IT Vendor Business Case Analyses: Driving Savings Today and Sustaining Relationships in the Future

By Floyd Groce, Brian Fischbeck and Behrad Mahdi - Published, May 11, 2012

The Department of the Navy Chief Information Officer and the Information Technology/Cyberspace Efficiency Integrated Product Teams (IPTs) have undertaken a number of initiatives that have important implications for the future of the DON business IT environment. Specifically, the DON Enterprise Software Licensing (ESL) IPT developed business case analyses (BCAs) that provide enterprise-level visibility of how much money is spent with specific IT vendors, insight into relevant market and technology trends, and recommendations for better managing vendor relationships, optimizing resources and negotiating favorable contract terms.

The BCA Process: An Inclusive, Data-Driven and Fact-Based Approach

The BCA methodology was developed collaboratively using an inclusive process to ensure perspectives from stakeholders across the DON's technical and business IT communities, as well as other enterprise stakeholders, who have years of technical and customer experience. Additionally, the BCA methodology ensures the most complete and detailed understanding of the current context of the DON's relationship with any particular high-interest IT vendor with whom the department has invested significant funds in its products, as well as an understanding of the vendor's particular position within its own industry and market.

The BCA is focused on developing strategies that address the full range of a given IT vendor's offerings. This is a critical element of strategy development because many IT vendors provide software, hardware and professional services, often packaging two or more of these products together in an attempt to bind customers to a particular solution. The primary goal of each BCA is to ensure a foundational set of strategies that comprehensively addresses each IT vendor.

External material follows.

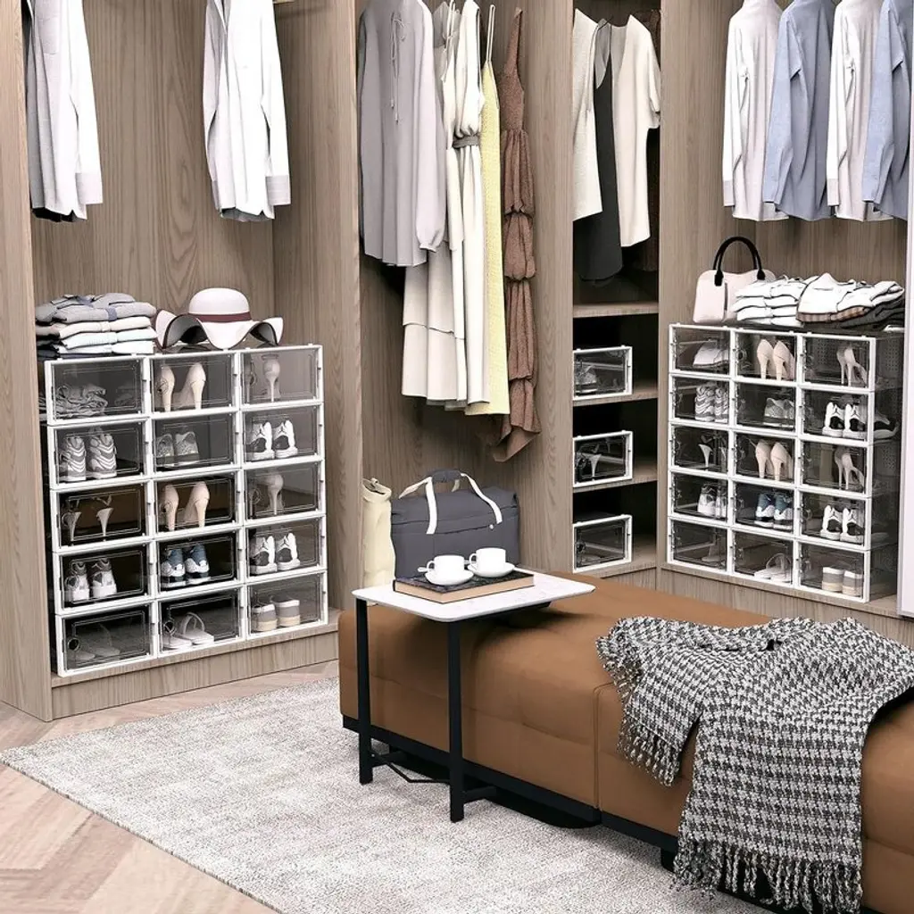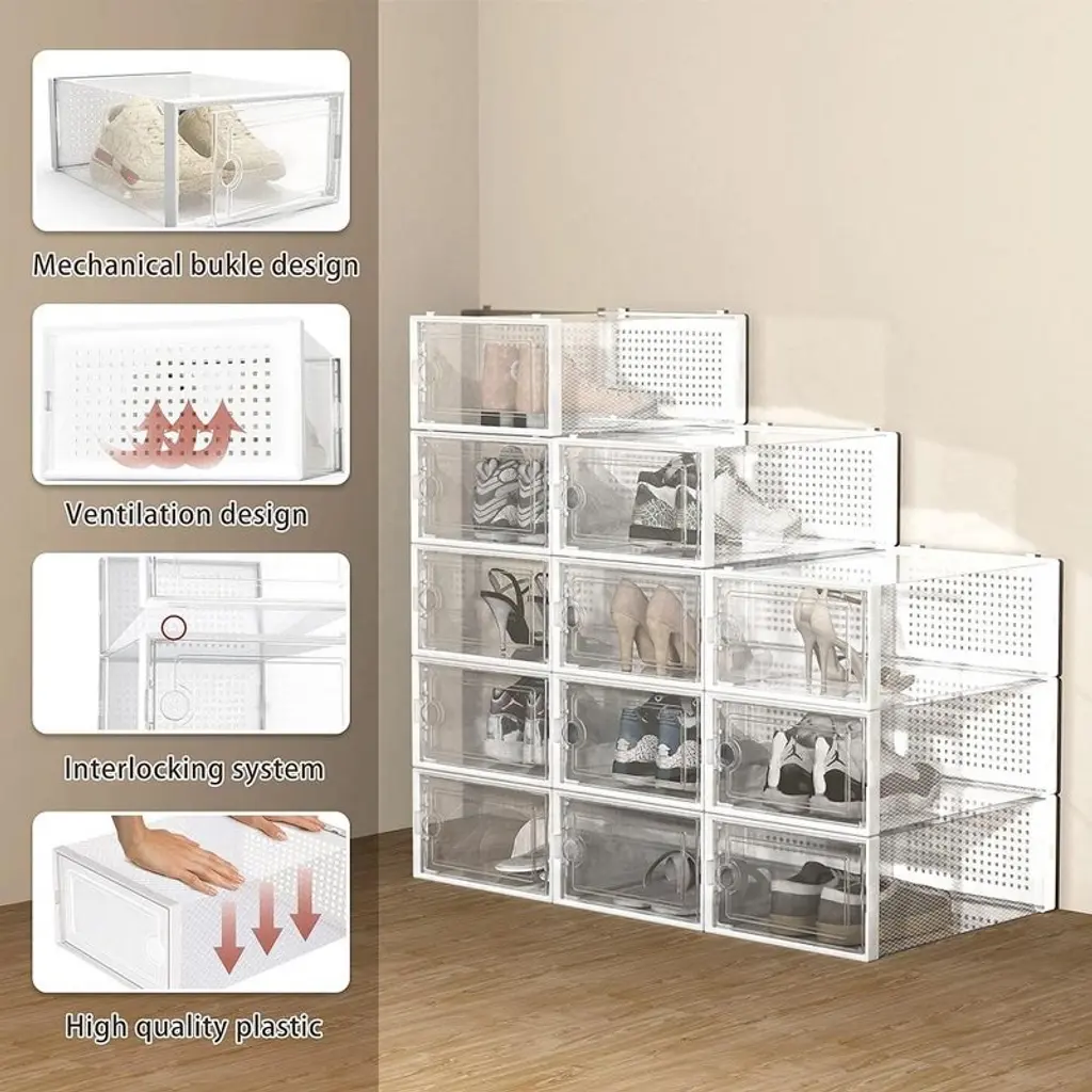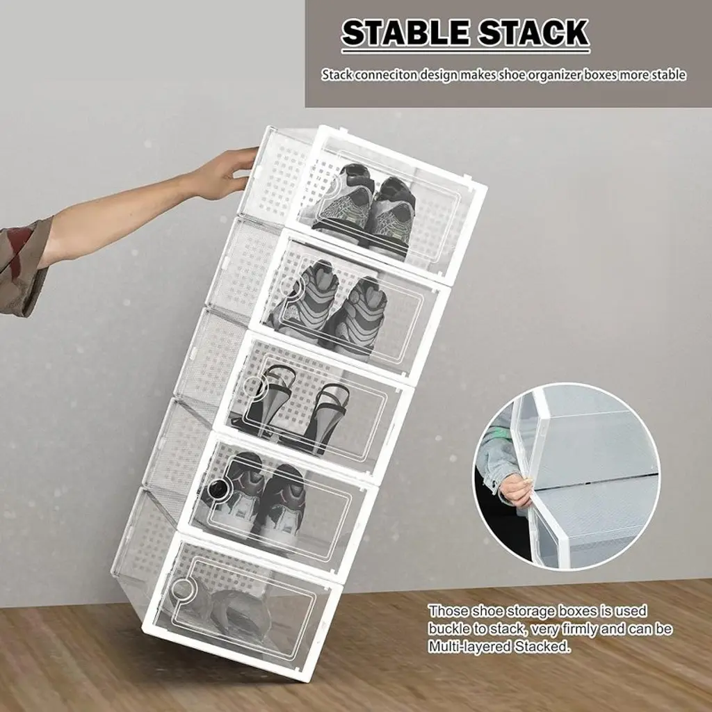 Stackable shoe storage boxes amazing for dust free and maximizing storage space. Create a shoe tower with snap-tight clasp design, upgrade your shoe organization to next level. Find right shoes through clear front door with a glimpse. Ideal for organizing small daily items such as shoes, scarves, winter gear, clothing, purses, crafts, toys, books, games and more Ideal for closet, bedroom, bathroom, laundry room, craft room, mudroom, offices, playroom, garage, or any room of your home / apartment / condo / dorm room / RV or camper. Each bin size 13.1''L×9''W×5.5''H Inch, fits various types of shoes up to US size 9; Heels, flats, sneakers, flip flops, sandals, wedges, all shoes are welcomed in these shoe containers.

Additionally, market research and experience have demonstrated the trend of IT vendors pressing for deployment of combined "appliances" — solutions that combine hardware and software components. While these technologies suggest potential performance improvements, they also have potentially negative implications for the DON's total cost of ownership and technical flexibility in the future. Additionally, the DON Enterprise Software Licensing BCA development teams work closely with the DON Enterprise Software Licensing IPT members tasked with executing near-term activities to ensure that the BCA findings are well understood and support their efforts to achieve near-term savings. In short, the DON CIO believes that this process-oriented and disciplined BCA approach arms the DON with the tools, insights and data to achieve both near-term and long-term goals. The following sections detail each element of the BCA process and provide further description of the approaches taken to mitigate some of the key challenges identified earlier.

Step 1: Launching the Business Case Analysis Process

At the onset of the BCA process, BCA teams collaborated with stakeholders from across the DON. The teams used a holistic, enterprise-wide approach with a number of key stakeholder groups, including, but not limited to the DON CIO; U.S. Marine Corps Director for Command, Control, Communications and Computers (USMC C4) and the Marine Corps Systems Command; Deputy Chief of Naval Operations for Information Dominance, N2/N6; Echelon II organizations; ASN (FMC) and the ASN Office of Budget; and, where appropriate, representation from major programs and initiatives, including the Data Center Consolidation IPT. As a result of this work, a high level of concurrence and a common understanding were achieved. This makes the BCA relevant to achieving the DON's goals based on the realities of the department's business IT environment.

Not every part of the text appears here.